Additional information can be added. You can create a minimal spanning tree, and overlay this on the map, as is done on the map below.
Kohonen's example set of vectors is highly artificial. As a more natural example, I created a set of vectors from statistical data about occurrences of combinations of characters in Dutch words. The result is a set of 24 vectors of dimension 58. The characters q, x and y are omitted for their rarity in Dutch. The combination ij is considered to be one character, a vowel.
Applying nearest neighbor vector clustering, using my clustering software results in an image of a dendrogram, as displayed below. Note that creating a dendrogram for Kohonen's example set of vectors is meaningless because all pairs of nearest neighbors have an identical square difference. By the way, the algorithm to obtain nearest neighbor vector clustering is identical to the algorithm used to obtain the minimal spanning trees.

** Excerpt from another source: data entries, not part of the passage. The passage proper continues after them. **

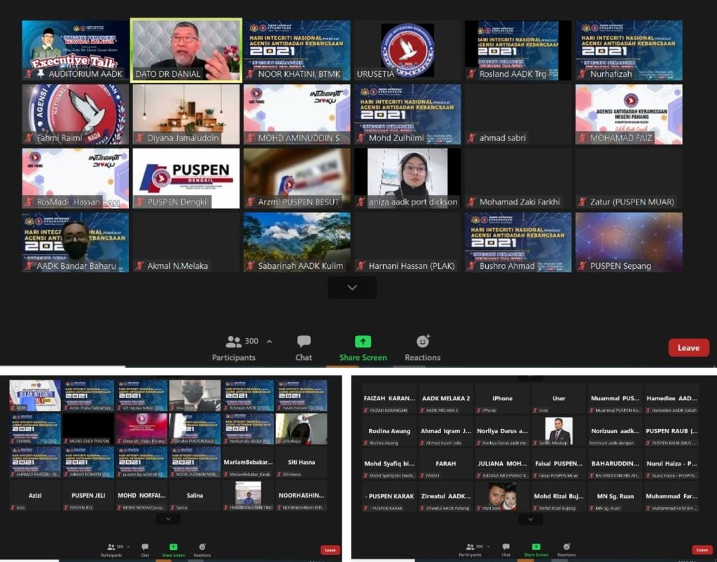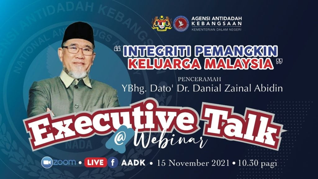 15 NOVEMBER 2021 – Webinar Executive Talk adalah antara usaha yang dilaksanakan oleh Unit Integriti AADK dalam mendidik warga AADK membina maruah dan menjauhi rasuah di dalam organisasi dan komuniti. Hanya melalui pendidikan dan perkongsian pengetahuan, nilai integriti dapat tumbuh dan berkembang di dalam sanubari. Perkongsian maklumat dan nilai yang amat berharga ini dijalankan secara teleconference (aplikasi zoom) dan FB Live AADK pada 15 November 2021. Penceramah berpengalaman YBhg Dato’ Dr Danial bin Zainal Abidin telah dijemput bagi menghuraikan tema “Integriti Pemangkin Keluarga Malaysia” dalam kontek AADK. Penerangan integriti dari spektrum ekonomi negara, perbandingan rasuah 3 negara (Brazil, Singapura dan Malaysia) telah memberi celik akal tentang kepentingan integriti dalam membina negara bangsa yang disegani oleh dunia. Seramai lebih 500 peserta telah hadir secara bersemuka dan online ke program webinar kali ini.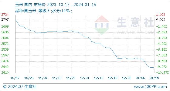 1月15日生意社玉米基准价为2440.00元/吨
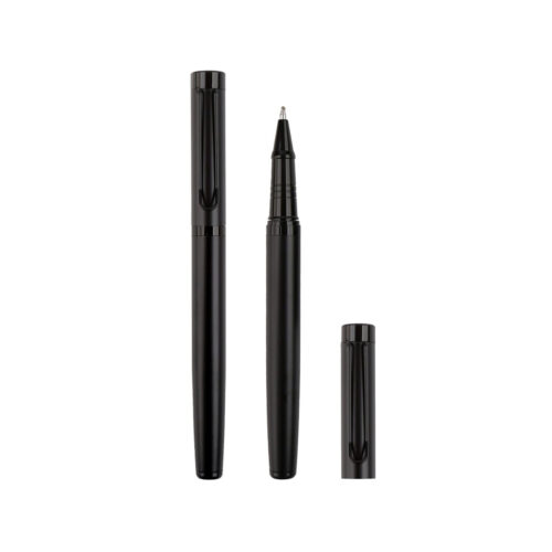 Pori is a Ballpoint Pen made of aluminum stainless and copper with matte black upper and lower barrel. Also with twist action and gold plated elements. Comes in blue ink. Available in two colors.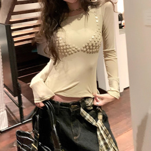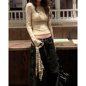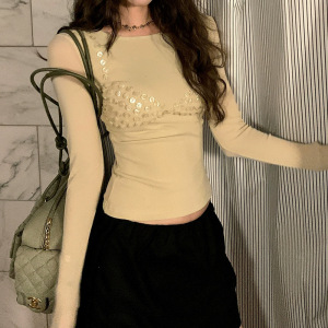 法式简约长袖圆领T恤女洋气修身短款上衣内搭打底衫 2025秋季新款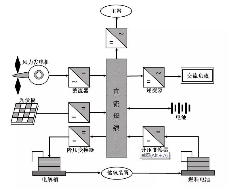 氫研究所(HRI)開(kāi)發(fā)了一套系統(tǒng),將可再生能源系統(tǒng)產(chǎn)生的能量以氫氣形式進(jìn)行儲(chǔ)存,如圖3所示。該系統(tǒng)包括直流負(fù)載母線、風(fēng)力發(fā)電機(jī)、太陽(yáng)能電池板、燃料電池系統(tǒng)和氫轉(zhuǎn)換系統(tǒng)。連接到直流母線的降壓DC-DC變換器用于將母線電壓降低到適合電解的電壓水平。電解水獲得的氫氣被儲(chǔ)存在一個(gè)特殊的儲(chǔ)存管中。儲(chǔ)存的氫氣通過(guò)燃料電池(PEMFC)轉(zhuǎn)換為電能。燃料電池產(chǎn)生的能量通過(guò)升壓DC-DC變換器傳輸?shù)较到y(tǒng)直流母線。

The result of creating a Kohonen map, with all the bells and whistles, from this set of vectors is shown below. One more additional type of information is made visible here. The lines of the minimal spanning tree indicate the difference between linked vectors. Closed lines indicate strong resemblance (e.g. l, r), open lines indicate strong difference (e.g. h, j).
Here is a large example. A spanning tree is omitted.
The usage of koh is fairly simple. Just run the program without any parameters for a list of possible options. For the syntax of the input file, refer to one of the examples.
You may want to modify the PostScript file produced by the program. All relevant options are at the top of the file. DX and DY define width and height of one unit. The flags SHOW_GRAY and SHOW_LINKS define whether or not to use the extensions. ANGLE controls the angle of curved links. If you plan to include the PostScript image into another document, remember to adjust the values of the BoundingBox, if you have changed the size of the image.
Sometimes it may be necessary to adjust the positioning of the labels on the map as produces by the program. For instance, two labels may be unreadable because they are mapped to the same unit. The commands to draw the labels are at the end of the PostScript file. When two short labels are mapped to the same unit you could delete one line in the PostScript file, and combine the labels on the other line. For instance, the labels (A) and (B) could become (A, B). Longer labels could be placed above each other. The command for drawing the labels uses three arguments, X and Y coordinate and the label itself. The coordinates are given as integer values, but they need not be. When two labels overlap, you can add .15 to the Y coordinate (second argument) of one label, and subtract .15 from the Y coordinate of the other label.
The usage of kohview is as simple as possible. Just run the program with as an argument the name of one of the files produces by koh, but without the extension.
What was stated above about the positioning of labels in the PostScript file applies to the output of kohview as well. In this case you need to make similar adjustments to the file with the extension .top as produced by the koh program.